The quarry from which the limestone was extracted is called the kalkbrott (chalk quarry) and is the biggest hole in the ground in northern Europe, extending over a square kilometre to a depth of 65 metres. I took some of these photos in January of this year and some in July. No prizes for guessing which is which!

As most of the excavation is well below sea level, the floor of the kalkbrott may well be the lowest-lying land in Sweden. Since its abandonment, it has been left to nature and the various levels have been recolonised by vegetation.

The limestone mined here was transported by a private narrow-gauge railway to a cement factory on the coast. Initially, the trains were drawn by horses, later with steam. In the 1960s, 2 km of the route was replaced with conveyor belts in an underground tunnel. Mining at the quarry ended in the 1990s, but the disused rail tracks still remained when we lived here in 2001. The tracks, fencing and signalling were removed in 2008 and the wayleave reverted to the city in 2009.

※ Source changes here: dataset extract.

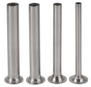 Set of 4 stainless steel stuffing tubes for 15, 20, 25 & 30 lb. sausage stuffers. Diameter of all tubes is 2" at the connecting point, and the outside diameters where casings are applied are as follows:

Compare these two photos taken 15 years apart:

Both photos show the Methodist church on the corner of Kalkbrottsgatan and Linnégatan in the centre of Limhamn. The one on the left, taken in the autumn of 2001, shows the railroad crossing signal and boom, and the tracks running along the street. In the photo on the right, taken this weekend, the rail line has been converted to a cycle track.

There used to be warning signs on the line saying “Gå ej i brottets bana“, which is a very clever double meaning. It straightforwardly means “don’t walk on the quarry railway”; but it also means “don’t embark on a life of crime”.

It’s a little ironic therefore that both the quarry and the cement factory have featured as scenes of crime in Nordic TV dramas. The very moving Wallander film Hemligheten (Secrets) opens with the discovery of a murdered boy in the kalkbrott. And the cement factory served as a suitably grim industrial setting for at least one typically tense episode of The Bridge.